Jacob Have I Loved by Katherine Paterson

I am having a hard time figuring out how much I liked this book. On the one hand, it was kind of depressing and hard to read, and I didn't exactly want to seek it out to spend more time reading it. I wasn't rushing back to get to it. But on the other hand, the emotions and the feelings in this book felt so real and hard and strong. This book is about Sara Louise, who is eaten up with jealousy of her twin sister Caroline, and feels like she isn't loved or cared about as much as her. I felt like Caroline was easy to hate if she would have been your peer like she was Sara Louise's.
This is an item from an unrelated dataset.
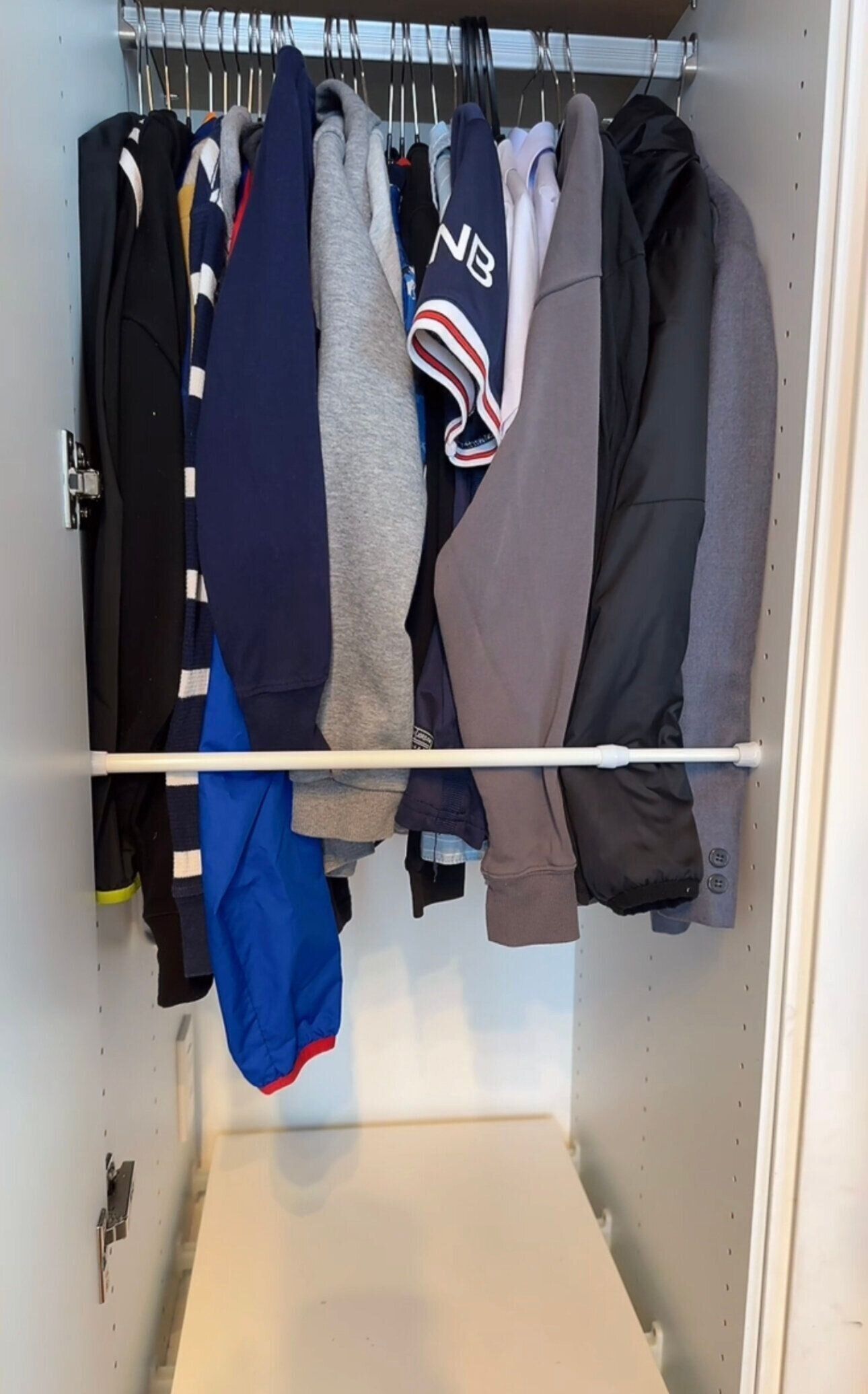 やり方は、洋服の袖の高さに突っ張り棒を取り付けるだけ♪

I would have been just as upset as she was. Sara Louise was not an easy-to-love narrator herself, though--she was grumpy and unfriendly and filled with anger a lot of the time, which only pushed people more and more towards Caroline. But I thought those emotions and Sara Louise's over-the-top reactions made this book the gripping story that it was. When Sara Louise threw her bottle of lotion at the wall because Caroline was using it without asking her, and when she refused her parents' offer of paying for her boarding school because she was so upset that Caroline was getting to go to a nicer school in Baltimore--those are exactly the irrational, unrealistic things that an upset teenager might do. So although it was not the most fun book to read, I really felt Sara Louise's feelings of disappointment and anger over and over again. (I also really liked the setting and the imagery of the island and the crabbing and everything they did there as well. And the ending with Sara Louise all grown up as a midwife in the mountains--that was unexpected and I loved that.)